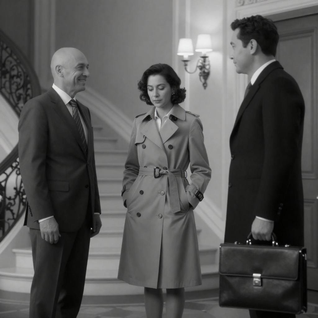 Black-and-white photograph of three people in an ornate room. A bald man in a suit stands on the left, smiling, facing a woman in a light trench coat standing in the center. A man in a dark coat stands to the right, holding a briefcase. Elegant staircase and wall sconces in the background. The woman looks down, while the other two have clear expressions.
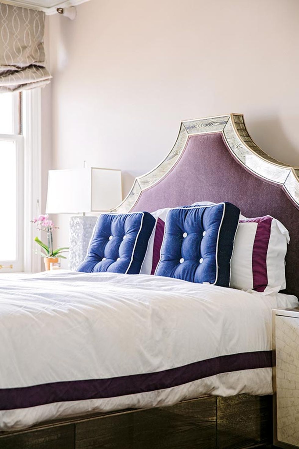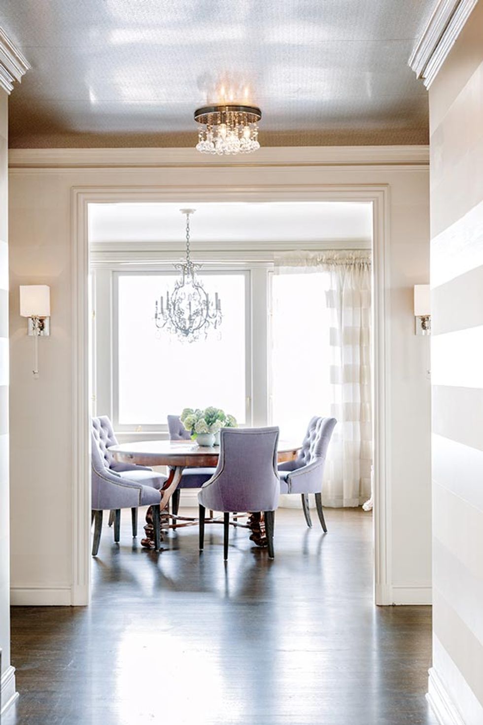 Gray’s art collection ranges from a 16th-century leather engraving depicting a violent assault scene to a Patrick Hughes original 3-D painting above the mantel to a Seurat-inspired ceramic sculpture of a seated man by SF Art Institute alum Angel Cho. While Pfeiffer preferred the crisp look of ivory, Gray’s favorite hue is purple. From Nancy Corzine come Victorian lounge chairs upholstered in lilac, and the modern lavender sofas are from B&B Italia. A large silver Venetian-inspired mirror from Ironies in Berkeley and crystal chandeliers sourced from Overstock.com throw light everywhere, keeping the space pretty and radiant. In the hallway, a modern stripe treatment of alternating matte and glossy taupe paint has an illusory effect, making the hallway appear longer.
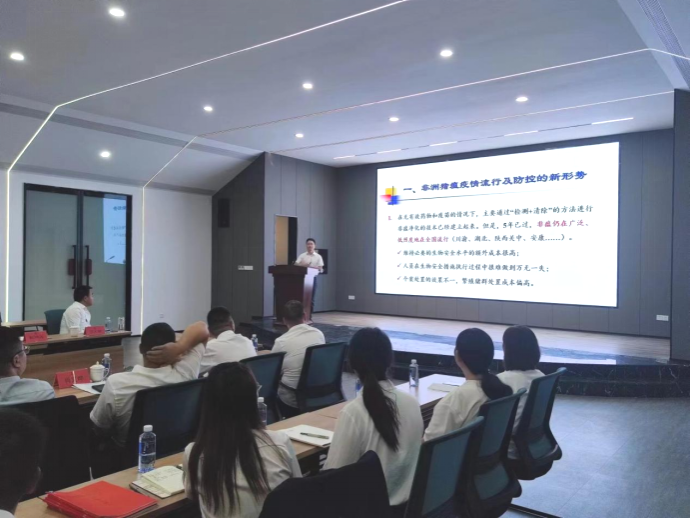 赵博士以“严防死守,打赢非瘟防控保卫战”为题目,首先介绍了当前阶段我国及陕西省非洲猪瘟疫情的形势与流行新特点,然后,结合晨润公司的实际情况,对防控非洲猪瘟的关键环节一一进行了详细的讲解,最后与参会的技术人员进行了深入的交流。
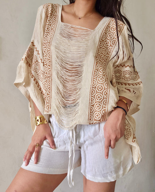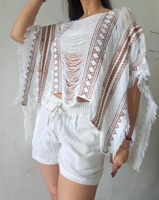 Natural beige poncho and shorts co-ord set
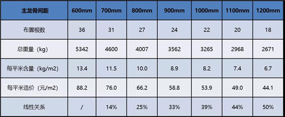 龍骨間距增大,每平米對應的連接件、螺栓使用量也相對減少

══════════════════════════════

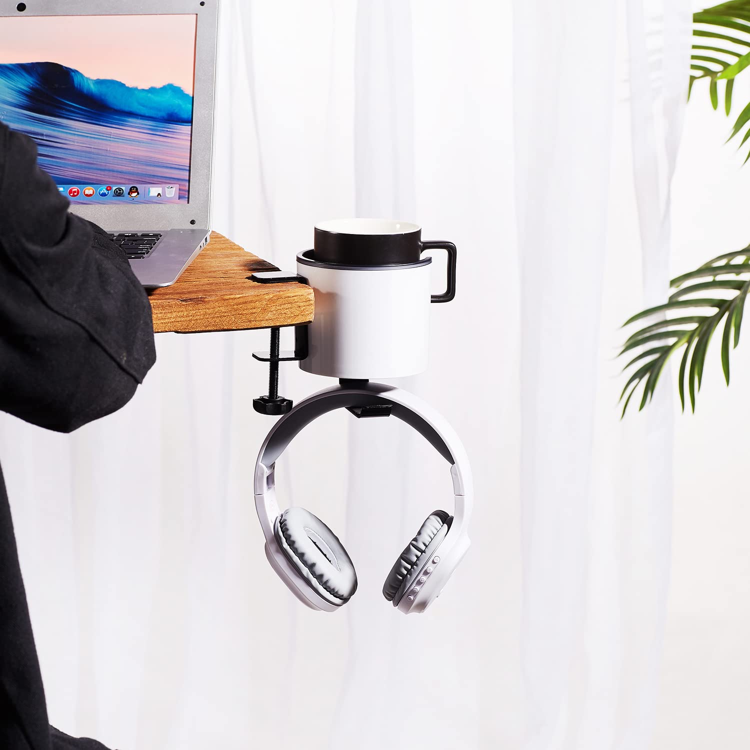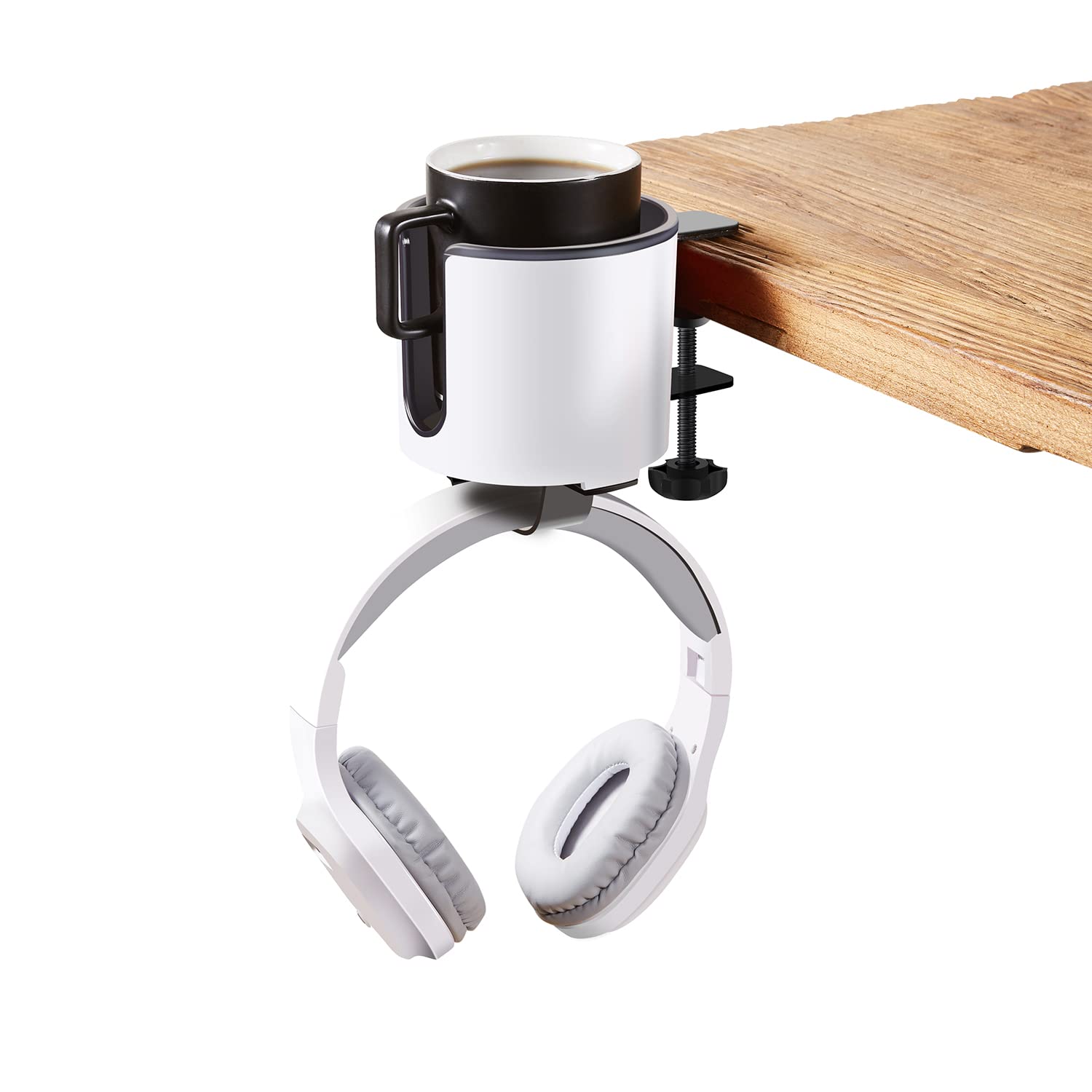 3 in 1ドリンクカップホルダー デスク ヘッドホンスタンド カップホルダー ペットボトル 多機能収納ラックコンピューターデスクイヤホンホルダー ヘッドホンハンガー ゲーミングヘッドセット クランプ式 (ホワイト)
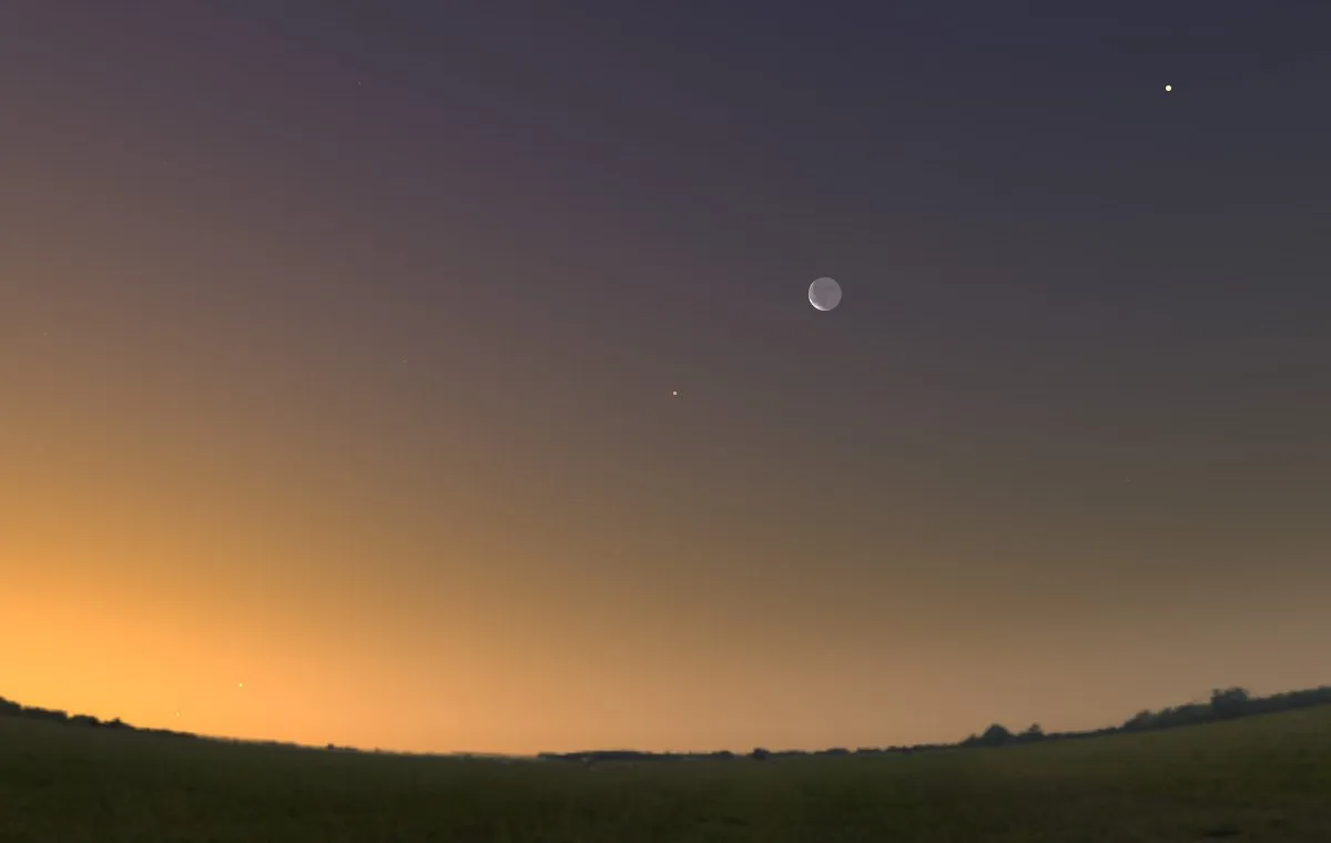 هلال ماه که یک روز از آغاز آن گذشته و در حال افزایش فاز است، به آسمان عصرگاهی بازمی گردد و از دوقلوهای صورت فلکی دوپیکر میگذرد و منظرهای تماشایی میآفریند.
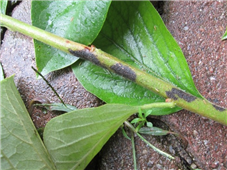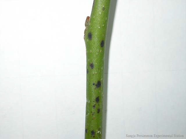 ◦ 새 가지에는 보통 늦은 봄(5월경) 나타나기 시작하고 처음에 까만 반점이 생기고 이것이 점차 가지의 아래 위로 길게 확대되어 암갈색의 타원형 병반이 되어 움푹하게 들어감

══════════════════════════════

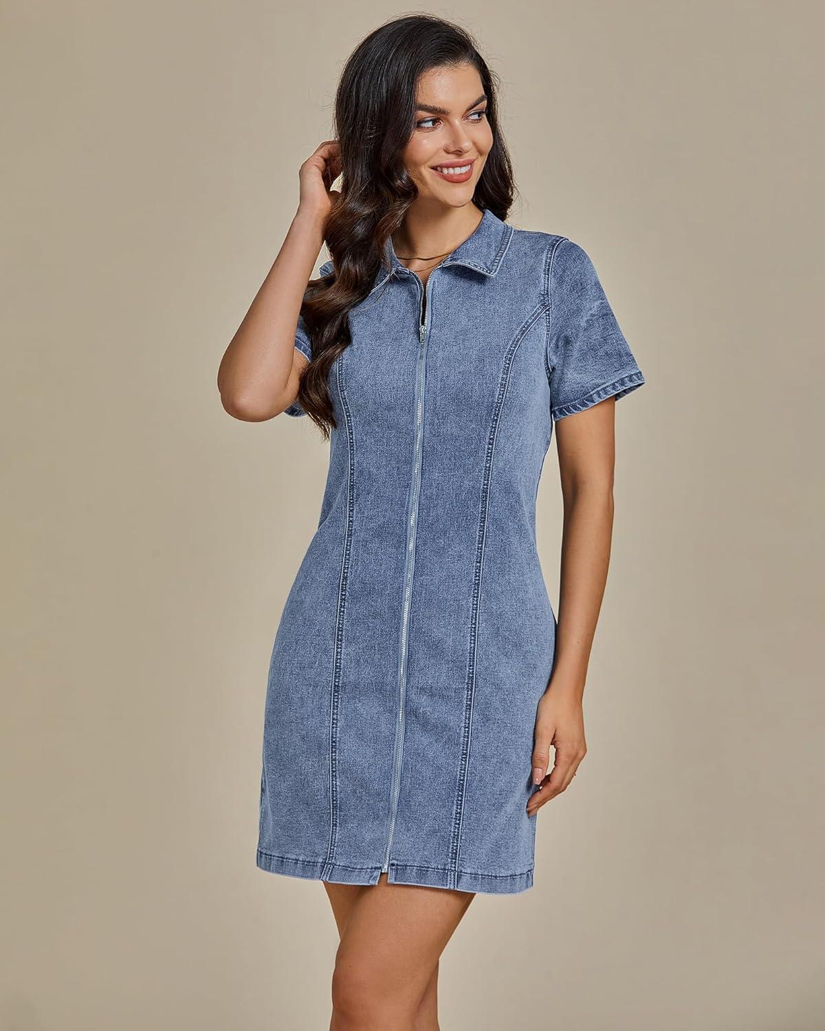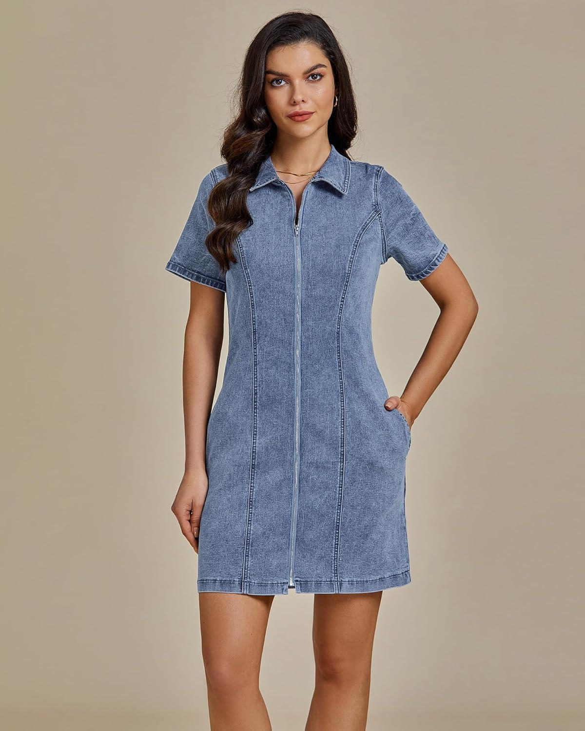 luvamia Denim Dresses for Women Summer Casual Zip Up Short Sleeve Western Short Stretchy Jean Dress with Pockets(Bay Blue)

══════════════════════════════

Problem to solve: Your reply should consist solely of the lines above from the line containing "Gray’s art collection" up to and including the line containing "龍骨間距增大,每平米對應的連接件、螺栓使用量也相對減少", reproduced exactly, minus the pictures.

Answer to this task:
 Gray’s art collection ranges from a 16th-century leather engraving depicting a violent assault scene to a Patrick Hughes original 3-D painting above the mantel to a Seurat-inspired ceramic sculpture of a seated man by SF Art Institute alum Angel Cho. While Pfeiffer preferred the crisp look of ivory, Gray’s favorite hue is purple. From Nancy Corzine come Victorian lounge chairs upholstered in lilac, and the modern lavender sofas are from B&B Italia. A large silver Venetian-inspired mirror from Ironies in Berkeley and crystal chandeliers sourced from Overstock.com throw light everywhere, keeping the space pretty and radiant. In the hallway, a modern stripe treatment of alternating matte and glossy taupe paint has an illusory effect, making the hallway appear longer.
 赵博士以“严防死守,打赢非瘟防控保卫战”为题目,首先介绍了当前阶段我国及陕西省非洲猪瘟疫情的形势与流行新特点,然后,结合晨润公司的实际情况,对防控非洲猪瘟的关键环节一一进行了详细的讲解,最后与参会的技术人员进行了深入的交流。
 Natural beige poncho and shorts co-ord set
 龍骨間距增大,每平米對應的連接件、螺栓使用量也相對減少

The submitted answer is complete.